■ Instructions for the task: Write back every entry exactly as it reads, with the pictures left behind.

■ Records for processing:
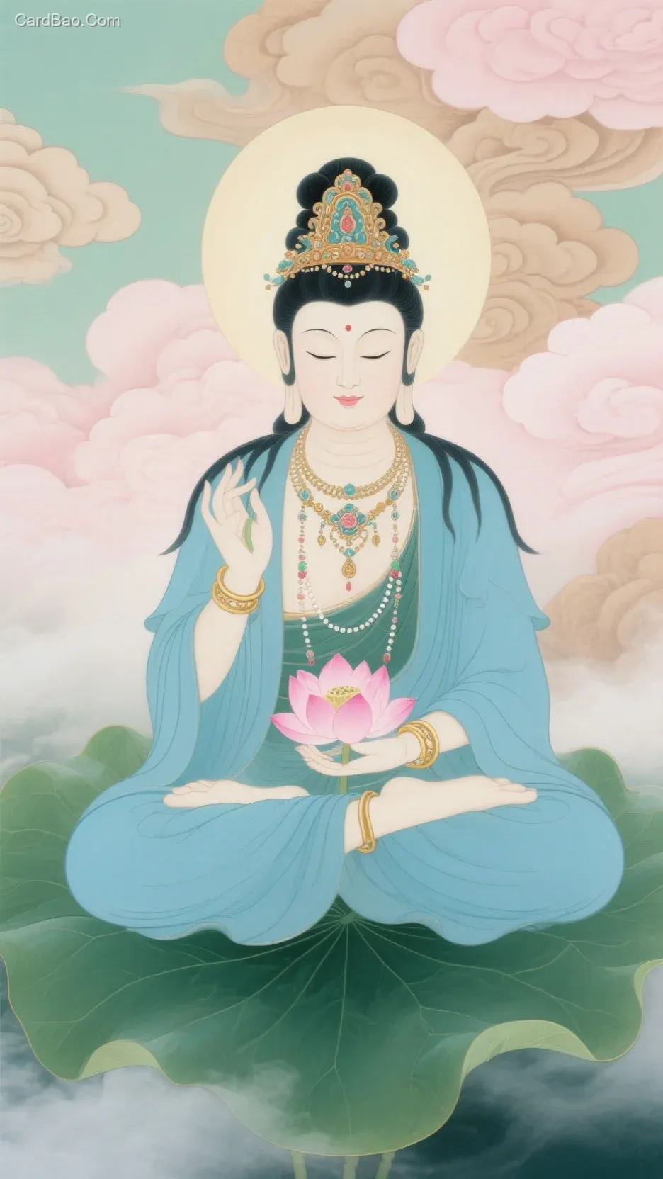 - 人物形象:图中主体是一位具有传统宗教艺术风格的人物,疑似观音菩萨。她面容端庄祥和,双目微闭,神态宁静慈悲 ,传达出超凡脱俗之感。发髻高挽,头戴华丽宝冠,冠上装饰细节虽简约但精致,彰显华贵。
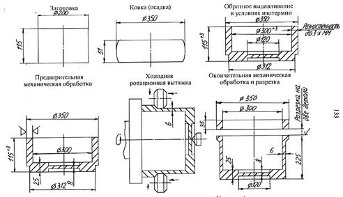 - совершенствование известных технологических процессов изотермической штамповки за счет включения в технологию прогрессивных способов деформирования методами поперечного и комбинированного выдавливания;
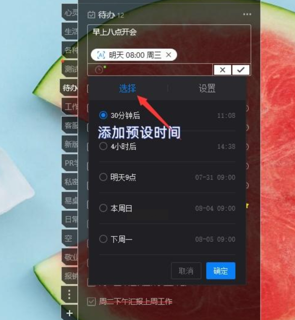 3. 手动选择预设时间:如果你觉得打字描述不够直接,也可以留意输入框附近或工具栏上的时间图标(通常是一个小钟表)。点击它,软件会提供一些预设的快捷时间选项,比如“1小时后”、“今晚”、“明天上午”等,直接点击就能设定。
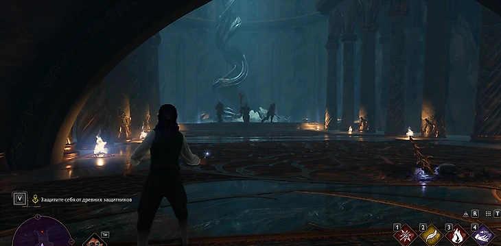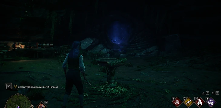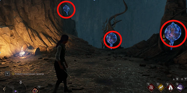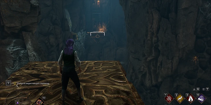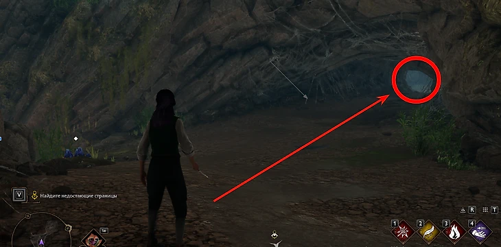 В пещере на вас будут периодически нападать пауки, как с ними справляться – вы уже знаете. Практически сразу вы окажетесь перед запертой дверью. Чтобы ее открыть, атакуйте руны на стене «основным заклинанием» – ЛКМ/R2/RT (ПК/PlayStation/Xbox).
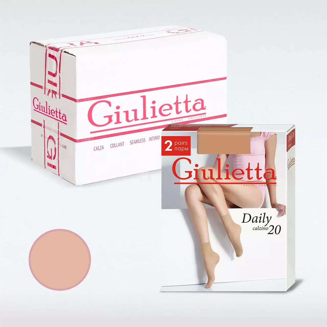 Шкарпетки Giulietta DAILY 20 calzino — це незамінний аксесуар у жіночому гардеробі, що вдосконалює будь-який образ і захищає ноги від натирання взуттям. Вони майже непомітні маючи щільність 20 den, забезпечують повний комфорт навіть у спекотну погоду завдяки легкій, тонкій текстурі, і можуть бути використані з відкритим взуттям. Щільно облягаючи стопу, шкарпетки повторюють її форму, не натирають шкіру та не викликають подразнень. Легкі та практично невагомі, вони забезпечують комфорт протягом усього дня. М'яка резинка надійно фіксується на щиколотці, не перетискаючи її і не залишаючи слідів. В коробці йде 2 пари. Склад шкарпеток Giulietta DAILY 20 calzino: 96% поліамід, 4% еластан.
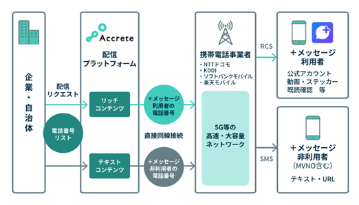 アクリートは2020年3月に、NTTドコモ、KDDI、ソフトバンクの3社が提供する「+メッセージ」公式アカウントサービスを一元的に企業、自治体等に提供するサービスを開始しております。アクリートによる「+メッセージ/SMS」の配信は携帯電話番号を用い、企業・自治体等から個人に対してメッセージを送信する際に、アクリート保有特許を活用し「+メッセージ」利用者にはリッチコンテンツ等を含むメッセージを、「+メッセージ」非利用者にはSMSによるテキストメッセージと、アクリートの配信プラットフォームにてメッセージ送信手段やコンテンツを適切に選択いたします。よって、「+メッセージを」ご利用いただく企業様には送信先ユーザーがどちらを利用できるのかを意識することなく送信することが可能です。

■ Task solution:
 - 人物形象:图中主体是一位具有传统宗教艺术风格的人物,疑似观音菩萨。她面容端庄祥和,双目微闭,神态宁静慈悲 ,传达出超凡脱俗之感。发髻高挽,头戴华丽宝冠,冠上装饰细节虽简约但精致,彰显华贵。
 - совершенствование известных технологических процессов изотермической штамповки за счет включения в технологию прогрессивных способов деформирования методами поперечного и комбинированного выдавливания;
 3. 手动选择预设时间:如果你觉得打字描述不够直接,也可以留意输入框附近或工具栏上的时间图标(通常是一个小钟表)。点击它,软件会提供一些预设的快捷时间选项,比如“1小时后”、“今晚”、“明天上午”等,直接点击就能设定。
 В пещере на вас будут периодически нападать пауки, как с ними справляться – вы уже знаете. Практически сразу вы окажетесь перед запертой дверью. Чтобы ее открыть, атакуйте руны на стене «основным заклинанием» – ЛКМ/R2/RT (ПК/PlayStation/Xbox).
 Шкарпетки Giulietta DAILY 20 calzino — це незамінний аксесуар у жіночому гардеробі, що вдосконалює будь-який образ і захищає ноги від натирання взуттям. Вони майже непомітні маючи щільність 20 den, забезпечують повний комфорт навіть у спекотну погоду завдяки легкій, тонкій текстурі, і можуть бути використані з відкритим взуттям. Щільно облягаючи стопу, шкарпетки повторюють її форму, не натирають шкіру та не викликають подразнень. Легкі та практично невагомі, вони забезпечують комфорт протягом усього дня. М'яка резинка надійно фіксується на щиколотці, не перетискаючи її і не залишаючи слідів. В коробці йде 2 пари. Склад шкарпеток Giulietta DAILY 20 calzino: 96% поліамід, 4% еластан.
 アクリートは2020年3月に、NTTドコモ、KDDI、ソフトバンクの3社が提供する「+メッセージ」公式アカウントサービスを一元的に企業、自治体等に提供するサービスを開始しております。アクリートによる「+メッセージ/SMS」の配信は携帯電話番号を用い、企業・自治体等から個人に対してメッセージを送信する際に、アクリート保有特許を活用し「+メッセージ」利用者にはリッチコンテンツ等を含むメッセージを、「+メッセージ」非利用者にはSMSによるテキストメッセージと、アクリートの配信プラットフォームにてメッセージ送信手段やコンテンツを適切に選択いたします。よって、「+メッセージを」ご利用いただく企業様には送信先ユーザーがどちらを利用できるのかを意識することなく送信することが可能です。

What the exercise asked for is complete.